Ce que dit le silence romain

Depuis 2009, et plus encore depuis 2012, le dialogue doctrinal entre Rome et la Fraternité s’est poursuivi. Des conversations ont eu lieu, des textes ont été échangés, des propositions ont été formulées. Aucune n’a abouti — pour des raisons qui tiennent aux divergences doctrinales, non à une rupture de communion.

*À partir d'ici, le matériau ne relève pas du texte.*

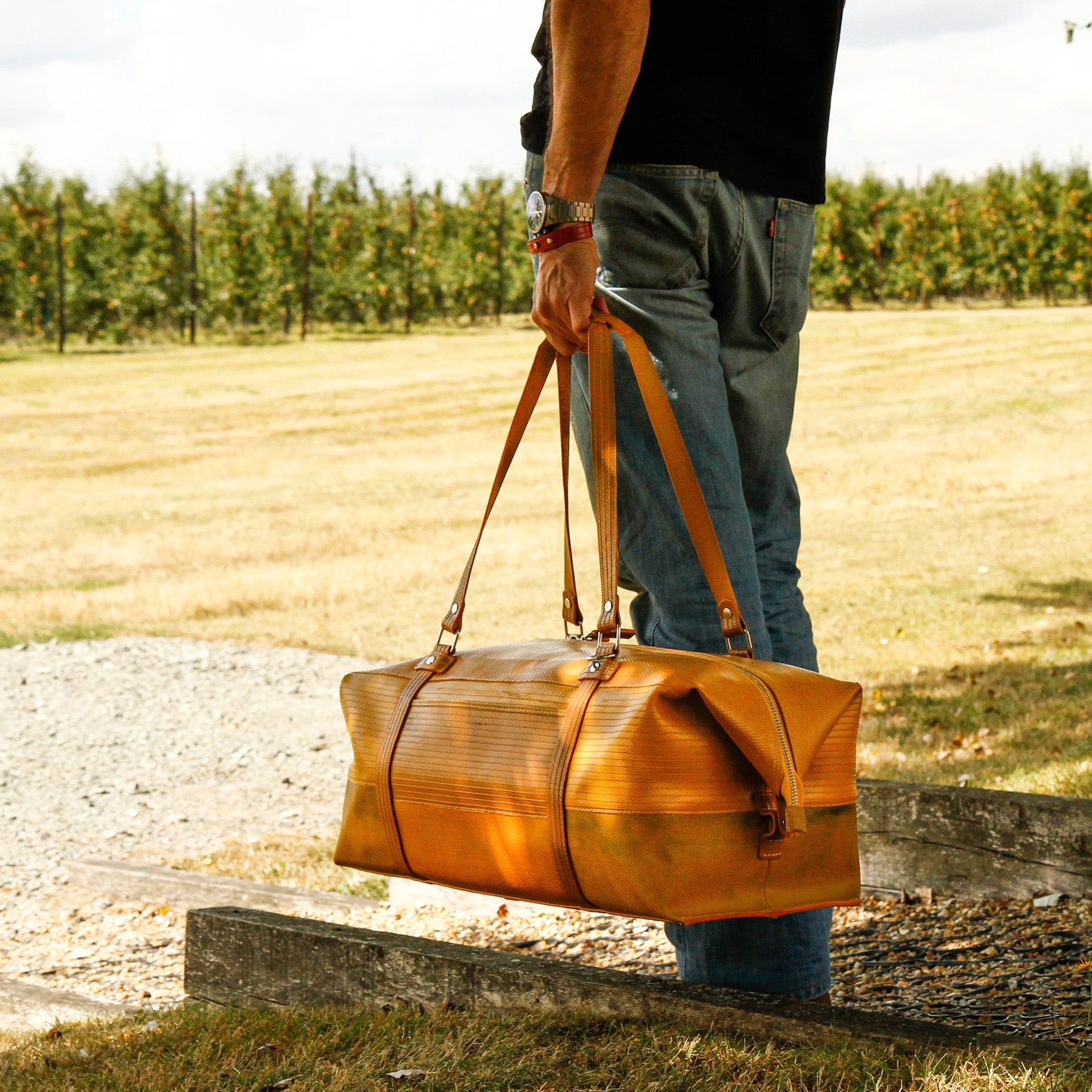 Previously deployed in active duty for up to 25 years, fighting fires around the UK, the hard-wearing hose is perfectly suited for your travels. The wide mouth opening of our holdall makes packing, unpacking and searching very easy and the generous sizing means you can take everything you need for a weekend away. The bag has an easy access external pocket, an internal zip pocket and 3 further internal poacher-style pockets.

Ce silence, ou plutôt cette impasse persistante, est instructif. Il confirme que le différend est théologique, non ecclésiologique. Rome et la FSSPX parlent le même langage canonique, reconnaissent les mêmes autorités de référence, citent les mêmes textes. Ils en tirent des conclusions différentes. C’est une controverse. Ce n’est pas un schisme.

Conclusion provisoire

La question de la FSSPX n’est pas close. Elle restera ouverte tant que les divergences doctrinales sur Vatican II et ses réformes liturgiques et disciplinaires n’auront pas reçu un traitement sérieux, non diplomatique. Mais cette question ouverte est une question catholique — posée à l’intérieur de l’Église, par des hommes qui s’y reconnaissent et y demeurent.

Traiter la FSSPX de schismatique, c’est se dispenser de répondre à ses arguments. C’est commode. Ce n’est pas honnête.

Tradidi quod et accepi.

Notes

  1. Pour un inventaire systématique, voir Lettre à quelques évêques, Mgr Lefebvre, 29 août 1987, et les pièces annexes des archives FSSPX (Menzingen, 2014).

  2. Cf. la distinction classique entre dissensio in re et dissensio in persona chez Cajetan, In IIa-IIae, q. 39.

  3. Motu proprio Ecclesia Dei adflicta, Jean-Paul II, 2 juillet 1988, n. 3 : « acte schismatique » — non « schisme constitué ».

  4. Décret de la Congrégation des évêques, 21 janvier 2009 ; la levée s’opère sans profession de foi ni retractatio doctrinale.